[WHAT THE TASK ASKS] Output all of the data exactly as it appears, but leave out any pictures it contains.

[SOURCE DATA]
* * *

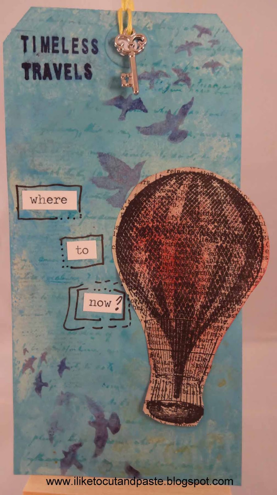 I used distress paints salty ocean and broken china for the background. I stamped a script stamp using broken china distress ink and the birds (Tim H's) with dusty concord. The hot air balloon is from Hampton Arts and the Timeless Travels is from Just Rite stamps (I think). Those are Tim H's chit chat stickers too. And a key. :)
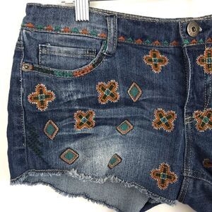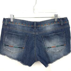 Mudd Boho Vibe Embroidered Dark Wash Denim Shorts
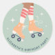 Pegatina Redonda Fiesta de cumpleaños de patinaje retro en verde sa

* * *

[OUTPUT OF THE TASK]
 I used distress paints salty ocean and broken china for the background. I stamped a script stamp using broken china distress ink and the birds (Tim H's) with dusty concord. The hot air balloon is from Hampton Arts and the Timeless Travels is from Just Rite stamps (I think). Those are Tim H's chit chat stickers too. And a key. :)
 Mudd Boho Vibe Embroidered Dark Wash Denim Shorts
 Pegatina Redonda Fiesta de cumpleaños de patinaje retro en verde sa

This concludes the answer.